A former co-worker of Lahart soon knocked on the door and surprised Lahart's widow, Betty, who became the first woman bestowed with the unusual honor.

"I saw it and cried. All of the guys came over to offer their condolences," Betty Lahart said. "He never had the water heater. This year, they thought he should have it."

The rules of getting the water heater are simple: It must be prominently displayed and lit every night from dusk until dawn no matter what, or you face the penalty of having to keep it next year and relinquish future voting rights.

Betty Lahart plans to follow the rules and join the select group in picking next year's recipient.

"Next year I have to dress warm and get in the truck and help bring it to someone's house," she said.

The holiday tradition began in 1984 after a dispute over Lahart's malfunctioning water heater around Christmas.

As the legend goes, Lahart had his plumber friend John McGlynn replace his water heater, but Lahart refused to pay McGlynn $10 to haul it away.

As a joke, McGlynn left the water heater in the yard of Lahart's neighbor, Duke Grimes, another elder statesman of the tradition. To get back at McGlynn, Lahart and Grimes decorated the water heater with Christmas lights and placed it in McGlynn's yard as a Christmas gift.

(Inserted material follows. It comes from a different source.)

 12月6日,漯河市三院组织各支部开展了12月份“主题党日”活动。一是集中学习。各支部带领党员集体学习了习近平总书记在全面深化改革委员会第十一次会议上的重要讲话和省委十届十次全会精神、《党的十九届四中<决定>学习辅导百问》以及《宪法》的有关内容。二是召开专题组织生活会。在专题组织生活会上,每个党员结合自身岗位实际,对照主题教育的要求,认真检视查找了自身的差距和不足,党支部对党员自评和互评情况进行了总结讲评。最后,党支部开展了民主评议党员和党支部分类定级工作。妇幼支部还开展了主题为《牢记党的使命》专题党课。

A tradition was born. The decorated water heater has appeared in the yard of a Kingston resident every year since, except in 1999 when they couldn't arrange an annual meeting.

"It started as a joke and it's been something everyone looks forward to," Betty Lahart said. "It's an honor it's here. I'm honored they did it in his memory."

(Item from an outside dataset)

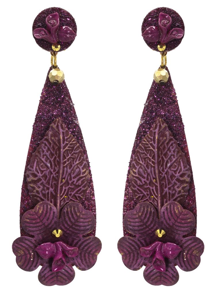 Flamenco bougainvillea earring with teardrop shape, floral detail, metal fittings and mother of pearl powder. Omega closure and with measures: 30 x 80 mm (without head). Handmade in Seville.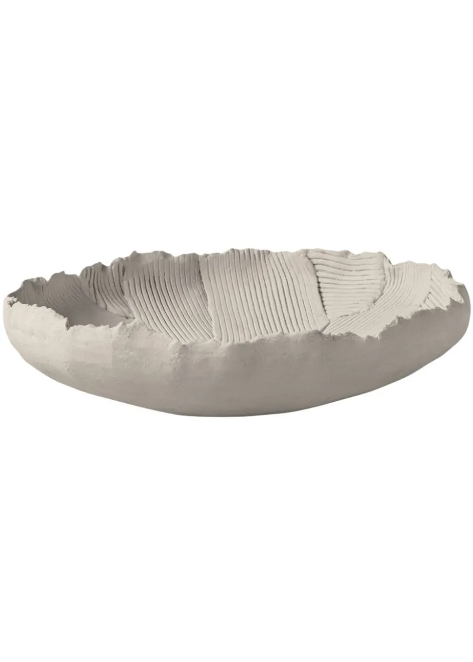 Die Schale hat eine runde Form mit einzigartigen Texturen, die die Schale zu einem lebendigen, ansprechenden und einzigartigen Stück machen. Ihr scharfkantiges und raues Design verleiht ihr Charakter und einen zusätzlichen Hauch von Eleganz. Die Schale ist daher unverzichtbar für eine Dinnerparty. Die Schale ist ein schönes und funktionelles Kunstwerk, das einem Raum Persönlichkeit verleiht.

Every person who has gotten the water heater over the 30 years has kept it up and lit through the holidays — though there is some dispute. Some of the newer members have come to believe Kevin Boylan, the second-ever recipient, was never allowed into the clan because his wife kicked the water heater behind their Vaughn Street house the morning it was put up in 1985.

"We had just moved in. I had just decorated the front of the house. The next morning, she goes out to get the newspaper. There was this water heater with a big ugly star at the top," Boylan, a former Kingston restaurant owner, recalled Wednesday. "We were like, 'Are you kidding me?'"

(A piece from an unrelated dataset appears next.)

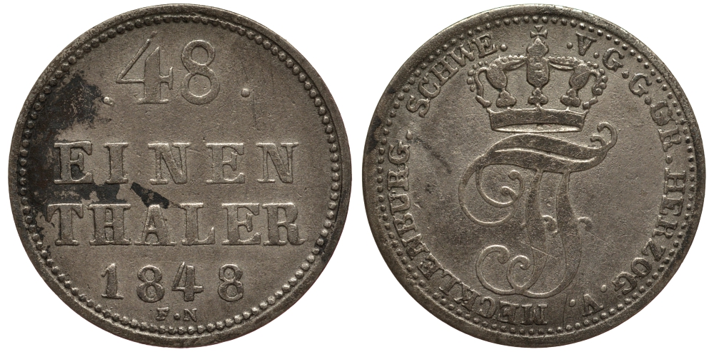 -Мекленбург-Шверин 1/48 талера 1848 F.N., Фридрих Франц II (1842-1883) AKS 43, Jaeger 52, KM 301 (C107) серебро 1517-542Другие землиАнгальт - AnhaltСаксен-Кобург-Гота - Sachsen-Coburg-GothaЮлих-Берг - JulichbergЭйхштадт - EichstattШтольберг - StolbergШпеер - SpeyerШварцбург - SchwarzburgШамбург - SchaumburgФранкфурт - FrankfurtСоест - SoestСилезия - SchlesienСаксония - SachsenБерг - BergПадерборн - PaderbornШаумбург - SchaumburgИзенбург - IsenburgПомерания - PommernМайнц - MainzОснабрюк - OsnabruckЭмден - EmdenЭрфурт - ErfurtАхен - AachenВисмар - WismarВид - WiedРейс - ReussГослар - GoslarГанновер - HannoverАугсбург - AugsburgБавария - BayernБаден - BadenБамберг - BambergБранденбург - BrandenburgБрауншвейг - BraunschweigБремен - BremenВальдек - WaldeckВестфалия - WestfalenВормс - WormsВюртемберг - WurttembergВюрцбург - WurzburgГамбург - HamburgРосток - RostockГессен - HessenЙевер - JeverЛевенштайн - LwensteinЛиппе - LippeЛюбек - LubeckМансфельд - MansfeldМюнстер - MunsterНассау - NassauНюрнберг - NurnbergОльденбург - OldenburgПруссия - PreussenПфальц - PfalzРегенсбург - Regensburg

They suspected a disgruntled new neighbor was behind it. But later that day, McGlynn, Grimes and Lahart showed up and told Boylan about the tradition they were trying to start.

"I stood it back up and we let it out there," Boylan said.

Boylan said he hasn't been active for years in the group — allowing the rumor to grow that he said bah humbug to the tradition.

"It's a tradition you can only find in a small town," Boylan said. "It went from surprising people to people starting to call asking if they could get it."

As the newest member of the group, Betty Lahart and some other newbies will have to do the work of carrying the water heater to its new location next year while the veterans gather around, watch and spring into a Christmas song when the recipient answers.

"They do the dirty work. It's their turn," said Jack Coslett, who worked with Lahart for the Kingston public works department and was the one who knocked on Betty Lahart's door Tuesday night.

Earlier Tuesday, the group gathered at Dugan's Pub in Luzerne for their annual meeting to decide on the recipient. Normally, they choose a nominee by secret ballot — writing names on a piece of paper and putting them in a hat. They then tally votes, eliminate names, and do the process over several more times until a winner is selected.

On Tuesday, it was unanimous: the founding father of the Kingston water heater tradition should get the old rust bucket, which had to be replaced by newer models several times over the years.

"I didn't know he never got it — and he was one of the originators," Coslett said. "It's a lot of fun. It's a great tradition. There's no ifs, ands or buts about it. We want to keep it going for another 30 years."

If this group seems like a secret society, in some ways it is. Asked to reveal what happens to the water heater between holiday seasons, Coslett wouldn't budge.

"I can't tell you," he said with a chuckle.